The tenth installment of my Greatest Ever series is here!

In this series I will look at the greatest talents to grace various sports. This time I continue to look at Rugby Union, and, following my "Top Three Tight Head Props of All Time," I will look at the top ten players ever to play in second row.

Second Rows, also known as Locks are usually the tallest players in the rugby team, and the primary line-out jumpers. They also provide the extra push in the scrum.

 

10. Malcolm O'Kelly (IRE) - Standing at over two metres tall, former Ireland captain Malcolm O'Kelly is the most capped player in Irish Rugby history. Still an active member of the Ireland squad, O'Kelly has won 91 International caps in a career spanning over ten years.

He has also been selected for two British and Irish Lions tours in 2001 and 2005, but he had to withdraw from the latter one due to injury.

 

9. Gordon Brown (SCO) - As a man who played in the amateur days of Rugby Union, Brown never got what his talents deserved. A Scottish international from 1969 to 1976 he won 30 caps for his country.

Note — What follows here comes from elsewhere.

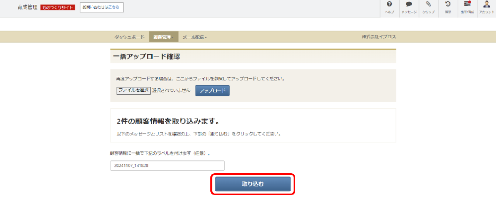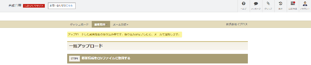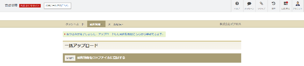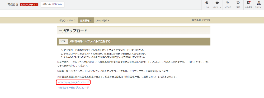 2.《 顧客管理 》 の「 一括アップロード 」 をクリックします。

He was also selected for three Lions tours in 1971, 1974 and 1977, winning eight caps. On the 1974 Tour to South Africa, Brown scored a phenomenal eight tries for the Lions, including two against South Africa themselves to help the Lions to a fantastically successful tour.

In 2001 Brown was inducted into the International Rugby Hall of Fame.

 

8. Bill Beaumont (ENG) - Another member of the International Rugby Hall of Fame, Bill Beaumont is a hugely popular and highly respected figure in rugby. The former England captain won 34 caps for his country, which included the 1980 Grand Slam, an unexpected bonus and Beaumont's finest moment as captain.

He won seven caps for the Lions, captaining them on the 1980 tour to South Africa. This made him the first Englishman to captain the Lions for 50 years.

 

7. Fabien Pelous (FRA) - Former captain of France, Pelous is their highest capped player, with 118 caps, over an international career spanning 12 years. This total puts him second on the all time list of international caps, although Jason Leonard is sometimes put above him due to his five Lions caps being added to his 114 England caps.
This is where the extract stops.